Look for this trend to continue to expand and become more practical. Individualized learning is an obvious outcome of the key qualities of human consciousness in the age of energy: self-will x awakened intellect x energy awareness.

Effective learning: A frequent, and rueful, subject of conversation among adults is how little they remember of their public school and college educations. Studies have shown that retention of knowledge goes up enormously when that knowledge is applied in some manner as part of the process of learning. Conventional wisdom has known this for a long time. If you want to learn something well, go out and do it.

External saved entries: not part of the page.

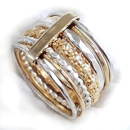 Amazon Com Delicate Wedding Band Unusual Ring Silver And Gold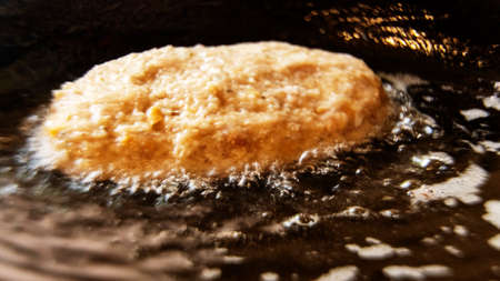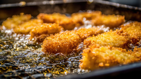 Delicious bites cook in hot oil bubbling and turning golden brown filling the air with savory aromas.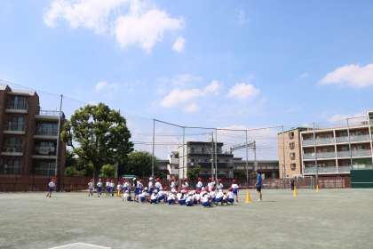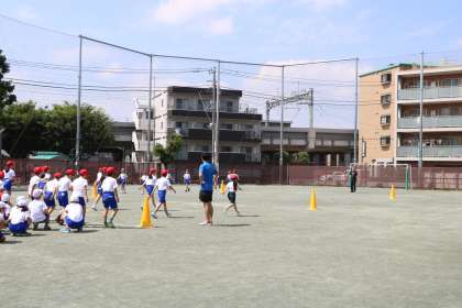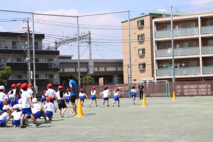 「体つくり運動・走の運動」です。いろいろな歩き方、走り方に挑戦し、楽しみながら身体を動かしました。急な激しい運動は、体調不良やけがにつながるので、水分を補給しながらゆっくり体を動かします。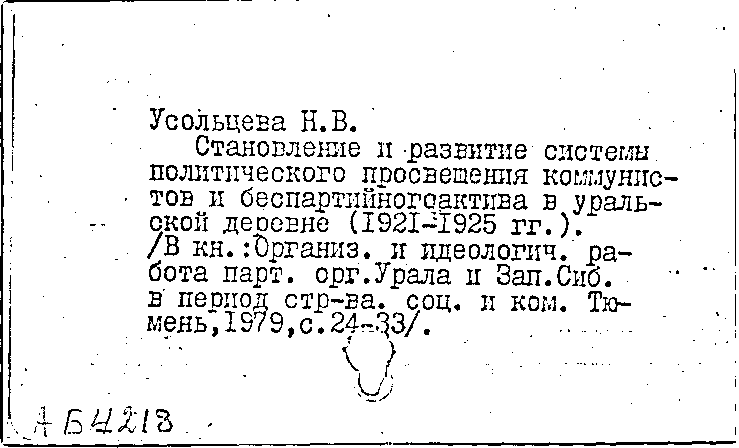 Становление и развитие системы политического просвещения коммунистов и беспартийного актива в уральской деревне (1921-1925 гг.)

While not ground-breakingly new, making learning more effective dovetails well with the approach of individualized learning. Apprenticeships, internships, participation in activities, outings, travel, all may become part of an individualized learning experience for a particular learner, one tailored to his interests and his preferred way of learning.

Holistic learning: Current education for children addresses only the mind and the body. Through classes and mental pursuits, children are taught to use their intellect and reason, and are encouraged to use their bodies in sports and outdoor activities. But their emotional and spiritual natures are rarely addressed.

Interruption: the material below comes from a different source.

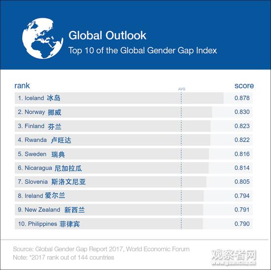 而毫不意外的是,北欧小国继续组团霸占榜首。冰岛连续9年位列第一,成为全球性别最平等的国家,挪威和芬兰紧随其后,而瑞典则排名第五。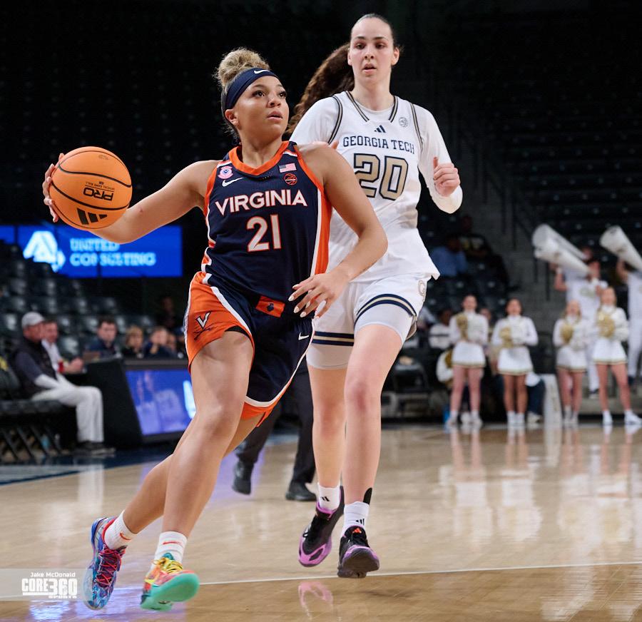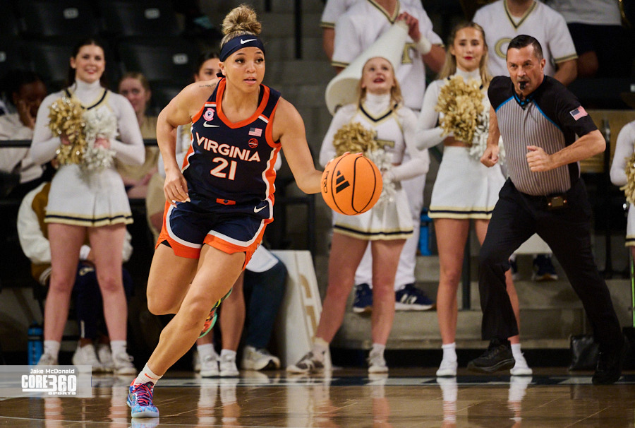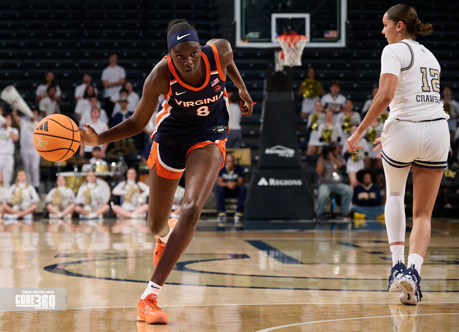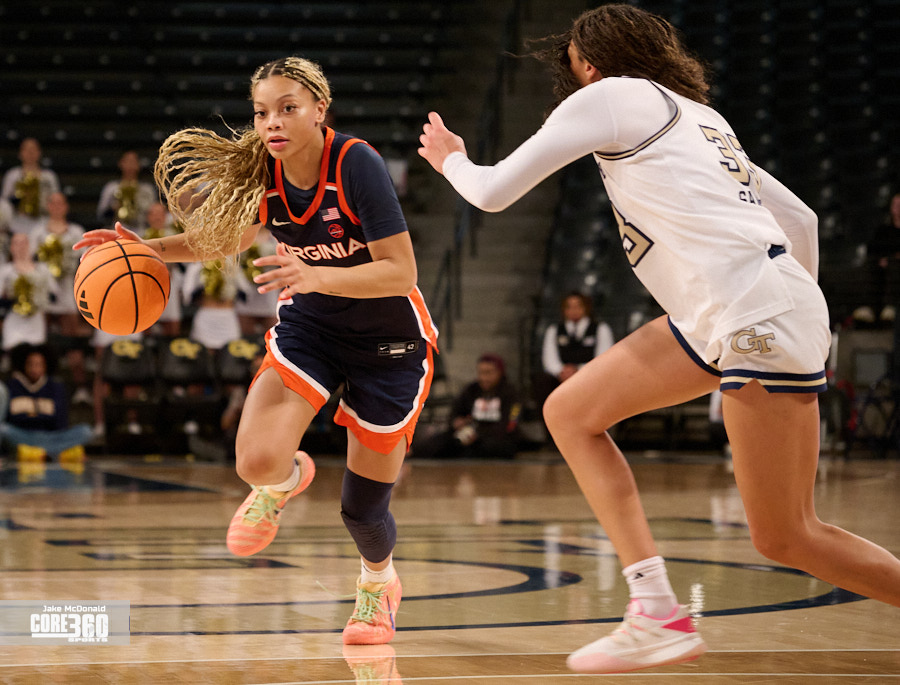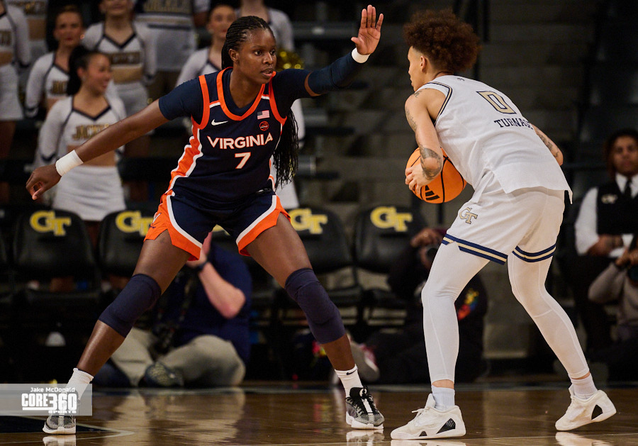 Virginia guard Jillian Brown came up with the biggest stop of the night on Georgia Tech’s leading scorer Talayah Walker to clinch a 61-59 victory on the road in Atlanta.

In America, this lack is in large measure due to the so-called separation of church and state. Teachers in public schools are forbidden to explore spiritual and religious issues, lest they be perceived as trying to win children to a particular religion. But even in so-called religious schools children rarely explore or experience their innate spiritual natures; instead they memorize religious tenets and dogmas.

Children’s emotional natures are similarly left alone, but for different reasons. Only a few gifted teachers are able to help children gain emotional awareness and understanding. The majority of teachers are not given tools or training that could help them encourage emotional awareness among their students. Both the emotional and spiritual natures of children are considered to be the domain of the family, and teachers are told not to intrude.

Attitudes are changing, however: many parents and educators are looking for new ways to incorporate emotional and spiritual awareness into education. For example, in his book Education for Life, J. Donald Walters presents a seminal approach to helping children explore and learn about their emotional and spiritual natures, in ways that are neither religious nor subjective. His approach is to facilitate the process of children recognizing, considering, and learning about their own feelings and subtle natures—without conflict with their own, or their family’s, personal or religious outlook.

Walters points out that there are universal emotional and spiritual experiences. Just as everyone has his heart in the same place, his liver in the same place, uses his legs in the same way to run, needs to eat when he is hungry and sleep when he is tired, so too there are commonalities of emotional and spiritual experience. Feelings are centered in the heart. Positive feelings are accompanied by an increase in, and upward flow of, energy in the body. Negative feelings are accompanied by a decrease in, and downward flow of, energy in the body. Happiness- producing actions are calming, relaxing, and move toward an inward sense of contentment and security. Unhappiness-producing actions make one nervous, tense, and restless.

Children can be taught to be aware of these universal experiences, and as a result, can learn to be more in command of themselves, and much more likely to make choices that lead to fulfillment. This approach, of fostering innate emotional and spiritual awareness among children, avoids the limitations of conventional religious education.